Comprehensive Study Finds Mutations In Non-coding Genome Are Infrequent Drivers Of Cancer

A clearer picture of how DNA changes lead to cancer has emerged, following the most comprehensive evaluation of non-coding driver mutations to date by researchers at the Wellcome Sanger Institute, the Broad Institute of MIT and Harvard, Massachusetts General Hospital (MGH), Aarhus University Hospital and their collaborators.

The study, published today (5 February) in Nature as part of a global Pan-Cancer Project*, discovered several new cancer drivers in non-coding genes. The overall conclusion, however, reaffirms that the vast majority of cancer drivers occur in protein-coding regions of the human genome. This knowledge will help to focus efforts on discovering new causes and treatments for cancer.

Also published today in Nature and related journals, are 22 further studies from the Pan-Cancer Project. The project represents an unprecedented international exploration of 2,600 cancer genomes, which significantly improves our fundamental understanding of cancer and zeros-in on mechanisms of cancer development.

Driver mutations are DNA changes that ‘drive’ cells down the path towards cancer. Depending on the type of cancer, anywhere from one to ten driver mutations are required for cancer to develop**.

Most large-scale genomic studies of cancer to date have focused on detecting driver mutations in protein-coding genes. As these coding sequences represent less than two per cent of the human genome, investigations into the remaining 98 per cent of the ‘non-coding’ genome*** have taken place in recent years. In 2013, driver mutations were discovered in the non-coding TERT gene across many cancer types, raising the possibility that there may be numerous non-coding driver mutations in the ‘dark matter’ of the genome.

This study is the most comprehensive evaluation of the extent of non-coding driver mutations in cancer to date, in terms of the number of methods employed, number of samples analysed, and the number of cancer, genome region and mutation types studied. Overall, 2,600 genomes of 38 different tumour types were analysed.

The team identified a number of new non-coding cancer-driving mutations, such as non-coding mutations in the 5’ untranslated region of the TP53 gene, which are associated with this gene being less strongly expressed, or ‘turned off’.
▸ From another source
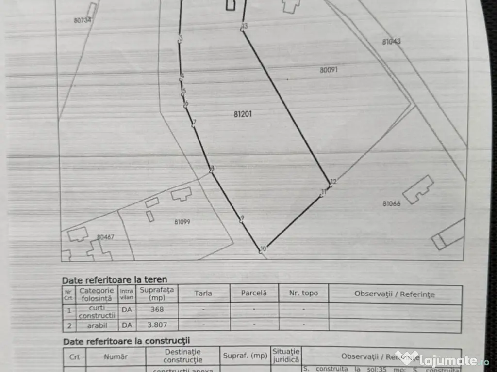 Curti constructii 368 m, arabil (gradina) 3.807 m.

The results concluded, however, that mutations in the regulatory sequences surrounding cancer genes are relatively rare. Excluding mutations in the TERT gene, the number of non-coding driver mutations identified equated to around one (or fewer) in every 100 tumours. In comparison, protein-coding regions often harbour several driver mutations per tumour. Some non-coding drivers identified in previous studies were found to be the result of less accurate methodologies or the result of previously uncharacterised hyper-mutation processes.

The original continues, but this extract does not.